§ Goal of the exercise:
Transcribe the listing below exactly, without pictures.

§ Data for the task:
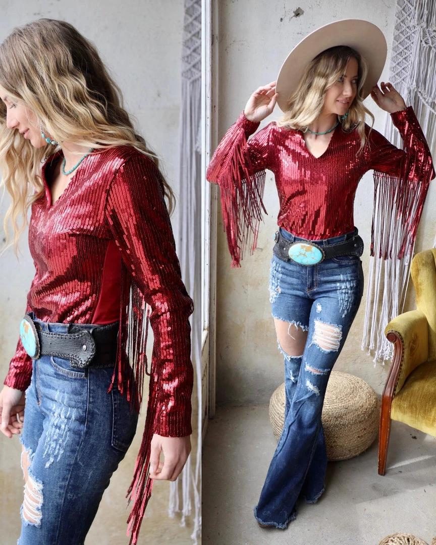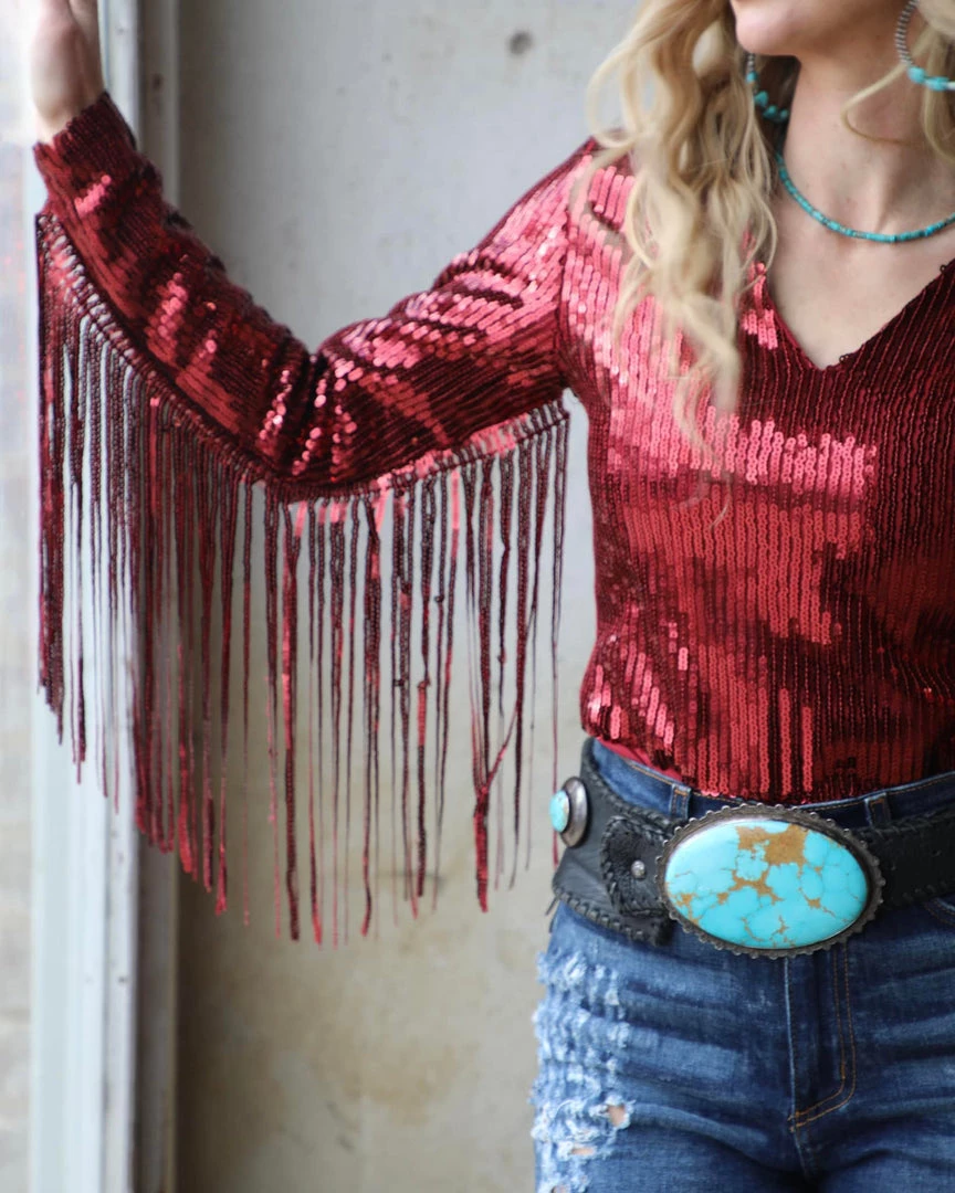 The Burgundy Sequin Bodysuit
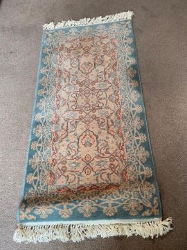 A wool rug in green and sand ground measuring 68 x 134cm.
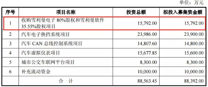 其中,约1.58亿的募集资金将用于收购雪利曼电子及雪利曼软件部分股权。事实上,这笔收购在2016年11月已经完成,公司此次募资主要是置换出前期投入的自有资金。
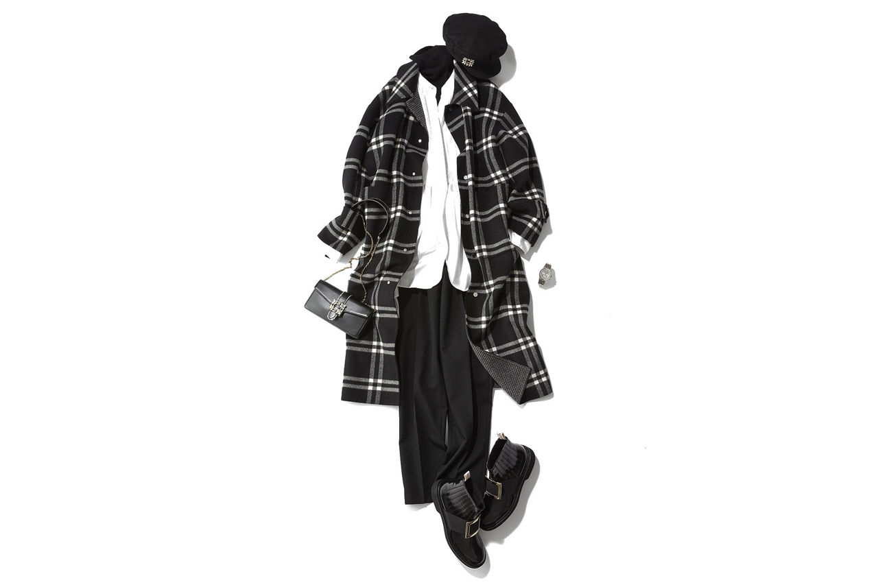 <女性>コート¥176,000、シャツ¥35,200、タートルネック¥12,100、パンツ¥35,200/すべてデパリエ(デパリエ ニュウマン 新宿店 TEL:03-6380-5541)、キャップ¥83,600/ロジェ・ヴィヴィエ、バッグ¥204,600 /ブロッシュ ヴィヴィエ、シューズ¥168,300/ヴィヴ レンジャー(すべてロジェ・ヴィヴィエ・ジャパン TEL:0120-957-940)
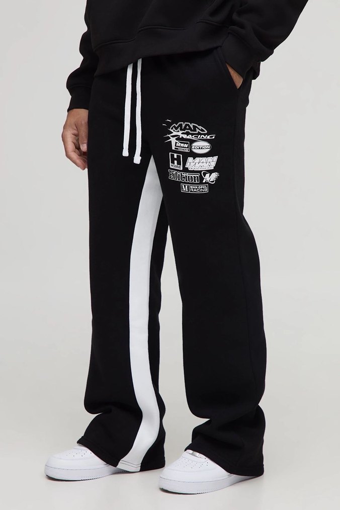 Erkek Siyah Baskılı Rahat Kesim Eşofman
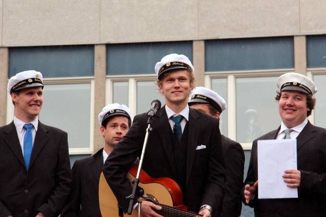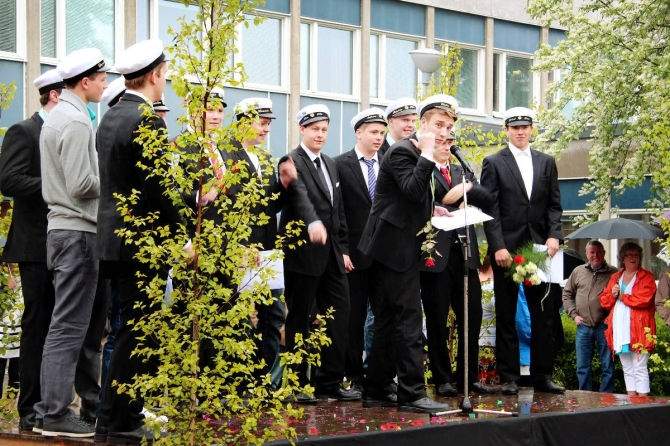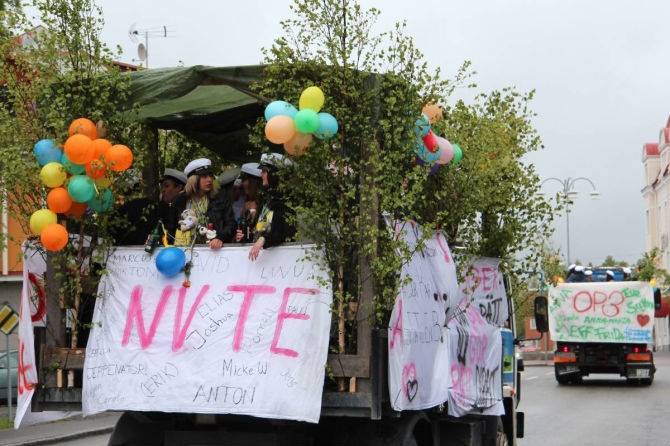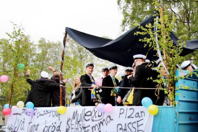Vädret hindrade inte studenterna från att fira Årets studentfirande i Strömsund kantades med regn, men glädjen som fanns bland studenterna kunde inget dåligt väder förhindra. Skratt, tårar, minnen och framtidsplaner strålade ut från studenterna när de kom ut från Hjalmar Strömerskolan vid klockan 12 på torsdagen. Efter samling utanför skolan var det dags för sedvanligt festtåg på lastbilsflak genom samhället. Banderoller och dunkande hög musik med allsång från studenter spred skön lunchmusik. |

§ Completed task:
 The Burgundy Sequin Bodysuit
 A wool rug in green and sand ground measuring 68 x 134cm.
 其中,约1.58亿的募集资金将用于收购雪利曼电子及雪利曼软件部分股权。事实上,这笔收购在2016年11月已经完成,公司此次募资主要是置换出前期投入的自有资金。
 <女性>コート¥176,000、シャツ¥35,200、タートルネック¥12,100、パンツ¥35,200/すべてデパリエ(デパリエ ニュウマン 新宿店 TEL:03-6380-5541)、キャップ¥83,600/ロジェ・ヴィヴィエ、バッグ¥204,600 /ブロッシュ ヴィヴィエ、シューズ¥168,300/ヴィヴ レンジャー(すべてロジェ・ヴィヴィエ・ジャパン TEL:0120-957-940)
 Erkek Siyah Baskılı Rahat Kesim Eşofman
Vädret hindrade inte studenterna från att fira Årets studentfirande i Strömsund kantades med regn, men glädjen som fanns bland studenterna kunde inget dåligt väder förhindra. Skratt, tårar, minnen och framtidsplaner strålade ut från studenterna när de kom ut från Hjalmar Strömerskolan vid klockan 12 på torsdagen. Efter samling utanför skolan var det dags för sedvanligt festtåg på lastbilsflak genom samhället. Banderoller och dunkande hög musik med allsång från studenter spred skön lunchmusik. |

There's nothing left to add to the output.